Presence of a distinct extracellular matrix-degrading metalloproteinase activity in renal tubules.

Renal tubular homogenates incubated with [3H]laminin (2 micrograms, 10(5) cpm) at 37 degrees C resulted in time- and protein-dependent laminin degradation (e.g., at 24 h, control = 6,533 +/- 771; experimental = 27,610 +/- 1,023 cpm +/- SE; N = 20). Gel chromatography confirmed that laminin (800 to 900 kd) was degraded to 20- to 50-kd fragments. Laminin degradation was not significantly decreased by serine or cysteine protease inhibitors. In contrast, metal chelators produced marked inhibition (EDTA, 93 +/- 3%; 1,10-phenanthroline, 99 +/- 1%) indicating that, at neutral pH, metalloproteinases were responsible for the laminin degradation.

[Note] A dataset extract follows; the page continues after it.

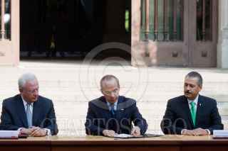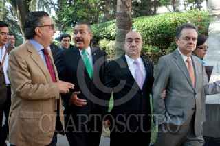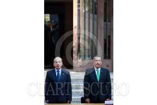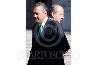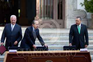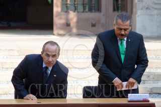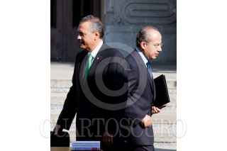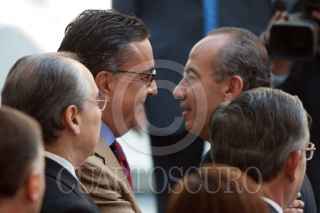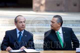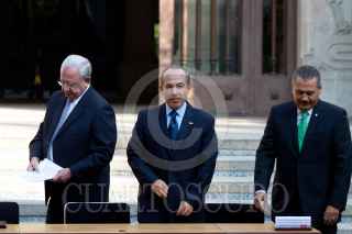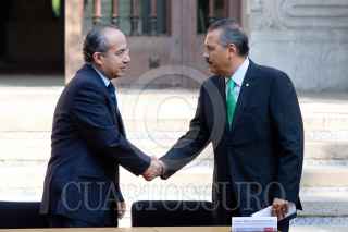 MÉXICO, D.F., 03JUNIO2011.- Felipe Calderón Hinojosa, Presidente de los Estados Unidos Mexicanos, y Manlio Fabio Beltrones, presidente de la mesa directiva del Senado de la República, encabezaron la ceremonia de promulgación de la Reforma Constitucional en materia de amparo, en las escalinatas de la residencia oficial de Los Pinos. FOTO: MOISÉS PABLO/CUARTOSCURO.COM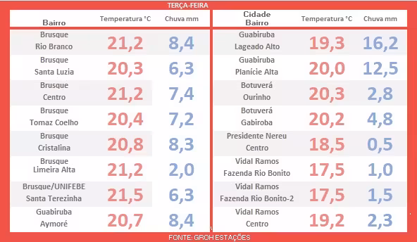 Dando continuidade à matéria, o foco agora é o monitoramento das condições climáticas observadas durante a madrugada desta terça-feira em todo o Vale do Itajaí-Mirim, realizado em parceria com a rede Groh Estações.

Laminin-degrading activity in renal tubules was not inhibited by the tissue inhibitor of metalloproteinase and was present in an active form. This activity was also present in high concentrations in the renal cortex and medulla but was only minimal in the liver. Further studies of the renal cortex revealed a similar metalloproteinase activity against type IV collagen (11,075 +/- 305; N = 6) and gelatin (41,026 +/- 1,373; N = 6), and this activity was membrane associated (97 +/- 1%; N = 4). Taken together, the characteristics of this renal metalloproteinase indicate that it is distinct from classic matrix-degrading metalloproteinases. The release of this distinct metalloproteinase from damaged renal tubular epithelial cells during injury may result in the production of fragments of laminin or other extracellular matrix components with biologic effects relevant to renal regeneration.